▶ _WORK TASK_:
Your reply should be an exact copy of every entry, with the pictures removed.

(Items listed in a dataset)

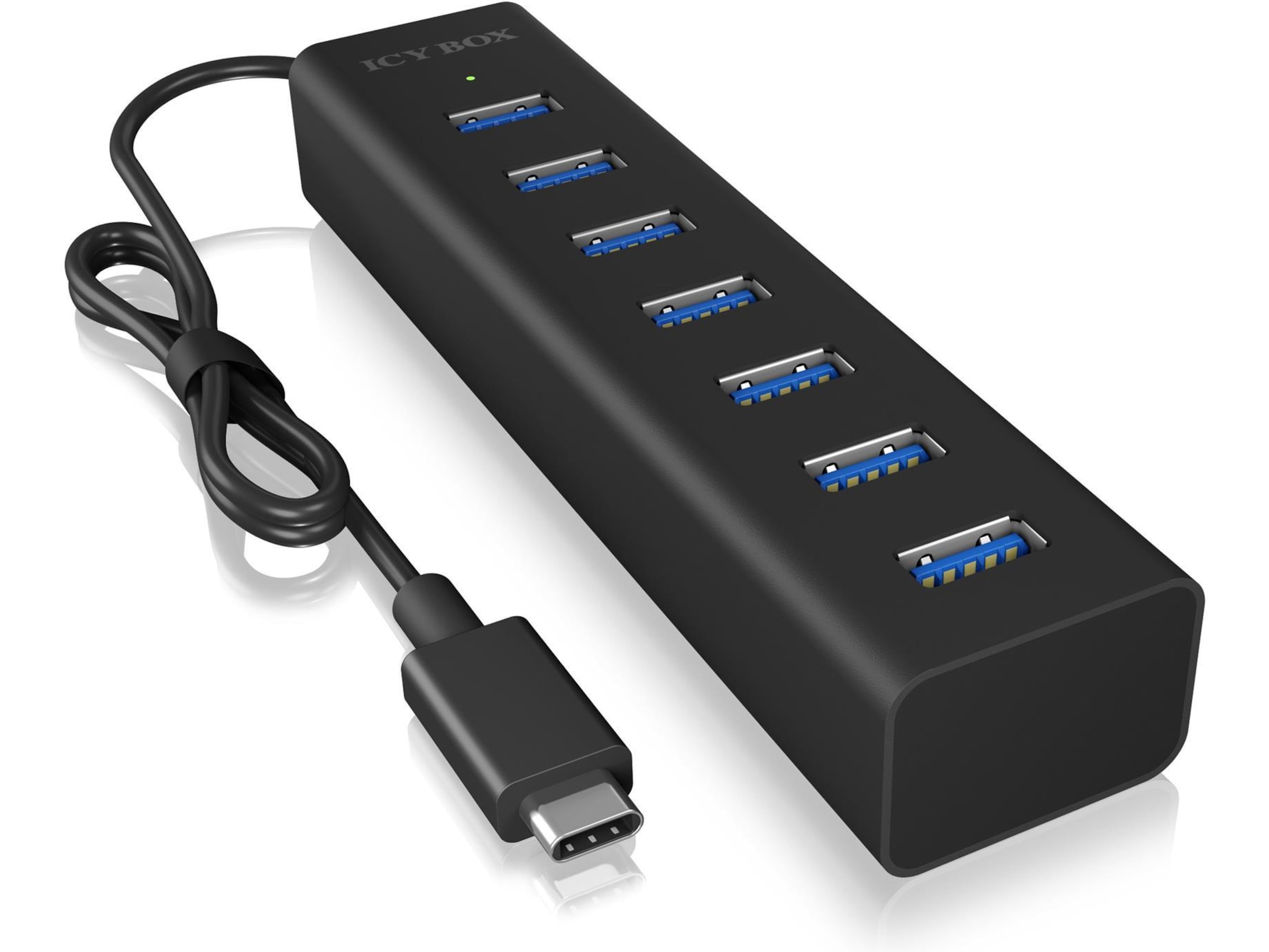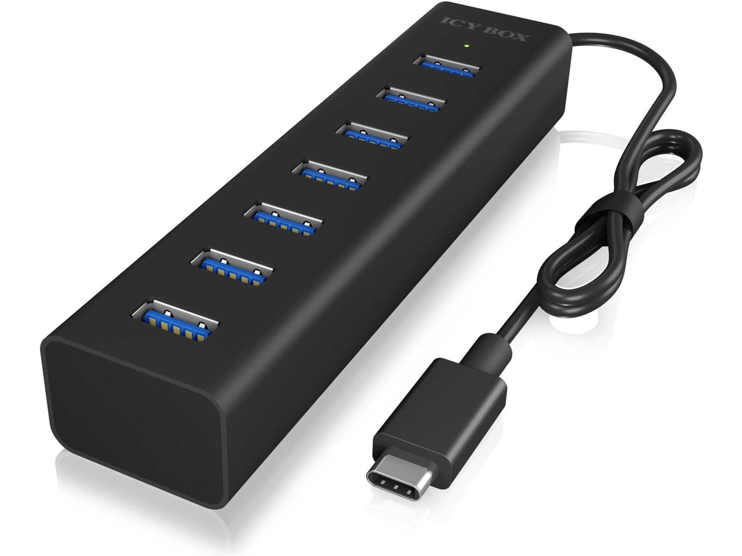 7 x USB 3.0 output Type A, 1 x USB-C-inngang Type C
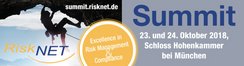 Am 23. und 24. Oktober 2018 findet der diesjährige RiskNET Summit im Schloss Hohenkammer bei München statt. Die zweitägige Fachkonferenz zu den Themen Risikomanagement, Corporate Governance und Compliance ist richtungsweisend in einer Welt voller Turbulenzen, Terror, geopolitischer Konflikte und Cyberrisiken. Das Ziel der Konferenz: Praxisnahe Risikomanagementstrategien und -methoden diskutieren und damit von gelebten Werten zu einem Mehrwert gelangen.
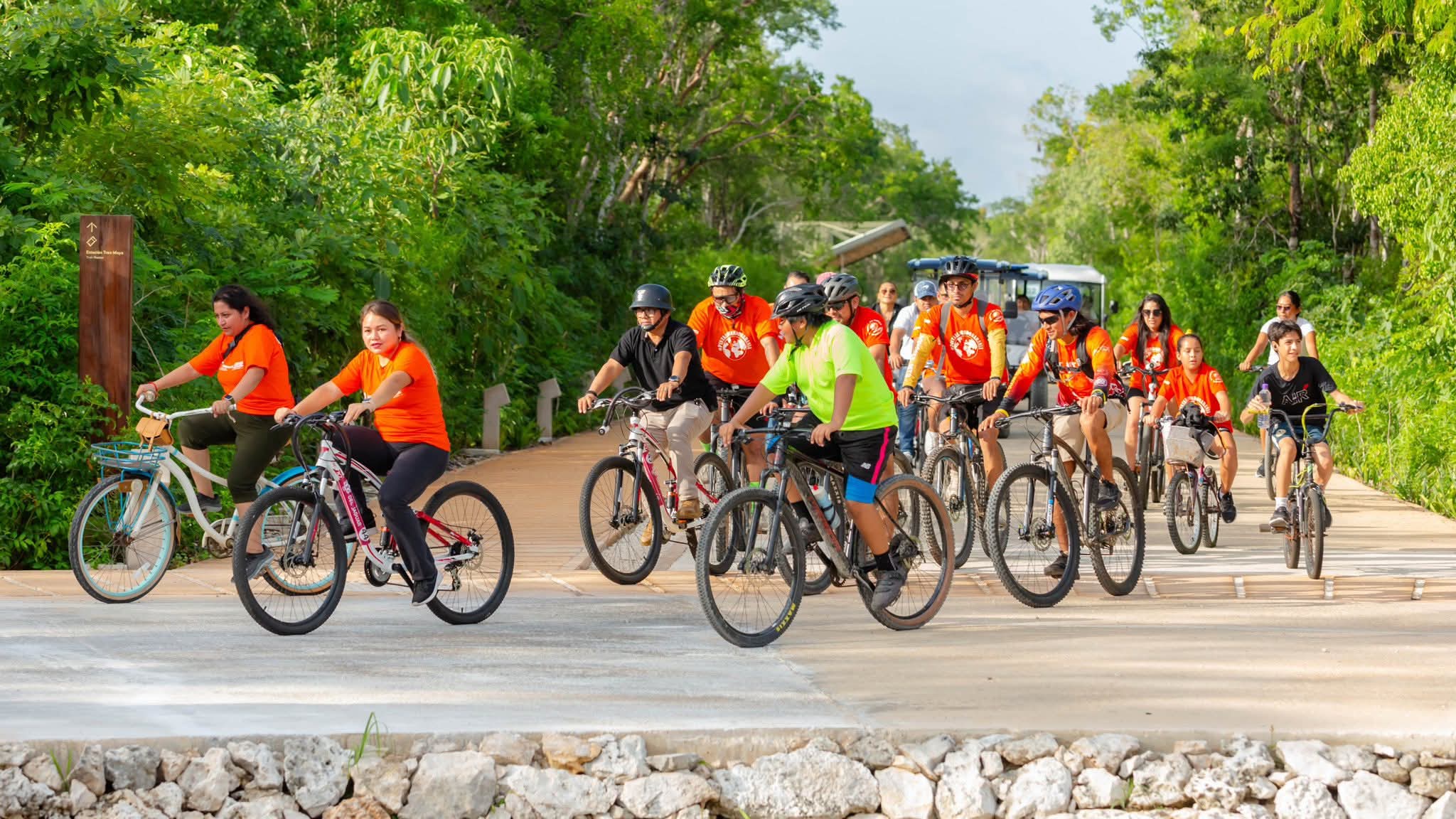 TULUM a 26 de julio de 2025.— En un acto simbólico y participativo, autoridades municipales y habitantes de Tulum se reunieron en el Parque del Jaguar para conmemorar el Día Naranja, una fecha que se celebra cada 25 de mes con el objetivo de crear conciencia sobre la violencia contra mujeres y niñas. La actividad principal fue una rodada en bicicleta bajo el lema “Rodada Naranja del Jaguar: Pedaleando por la igualdad”.
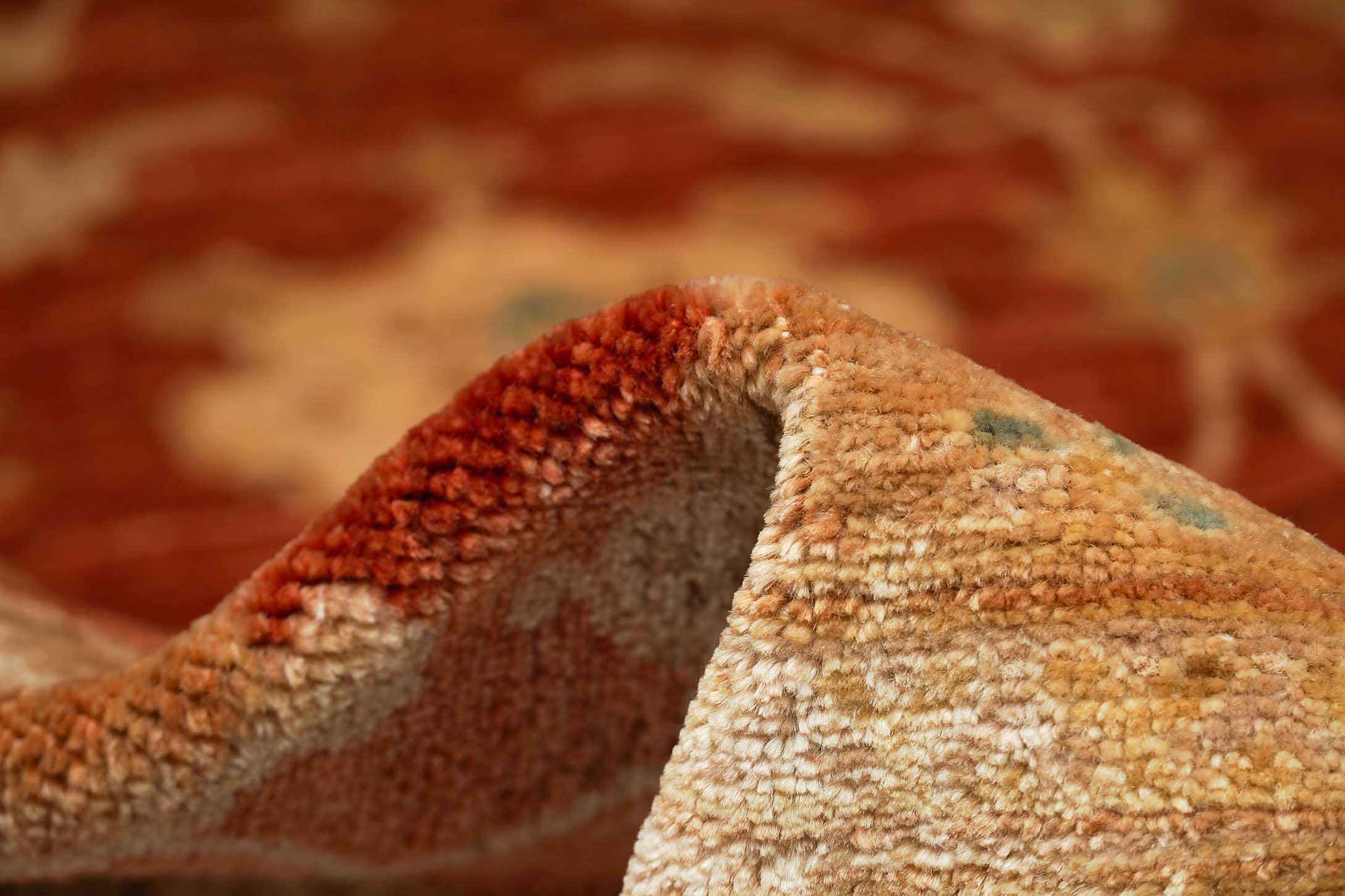 Der Hintergrund dieses Farahans ist Hellrot. Der Rand ist in Beige gehalten.
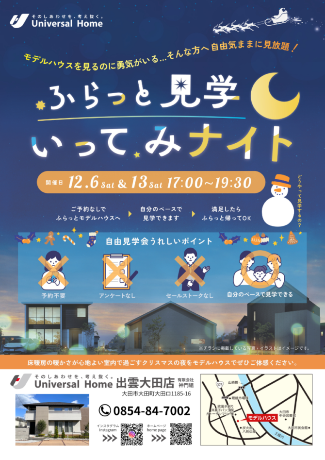 【12/6,13(土)開催】自由見学会『ふらっと見学いってみナイト』のお知らせ

▶ _THE COMPLETED TASK_:
 7 x USB 3.0 output Type A, 1 x USB-C-inngang Type C
 Am 23. und 24. Oktober 2018 findet der diesjährige RiskNET Summit im Schloss Hohenkammer bei München statt. Die zweitägige Fachkonferenz zu den Themen Risikomanagement, Corporate Governance und Compliance ist richtungsweisend in einer Welt voller Turbulenzen, Terror, geopolitischer Konflikte und Cyberrisiken. Das Ziel der Konferenz: Praxisnahe Risikomanagementstrategien und -methoden diskutieren und damit von gelebten Werten zu einem Mehrwert gelangen.
 TULUM a 26 de julio de 2025.— En un acto simbólico y participativo, autoridades municipales y habitantes de Tulum se reunieron en el Parque del Jaguar para conmemorar el Día Naranja, una fecha que se celebra cada 25 de mes con el objetivo de crear conciencia sobre la violencia contra mujeres y niñas. La actividad principal fue una rodada en bicicleta bajo el lema “Rodada Naranja del Jaguar: Pedaleando por la igualdad”.
 Der Hintergrund dieses Farahans ist Hellrot. Der Rand ist in Beige gehalten.
 【12/6,13(土)開催】自由見学会『ふらっと見学いってみナイト』のお知らせ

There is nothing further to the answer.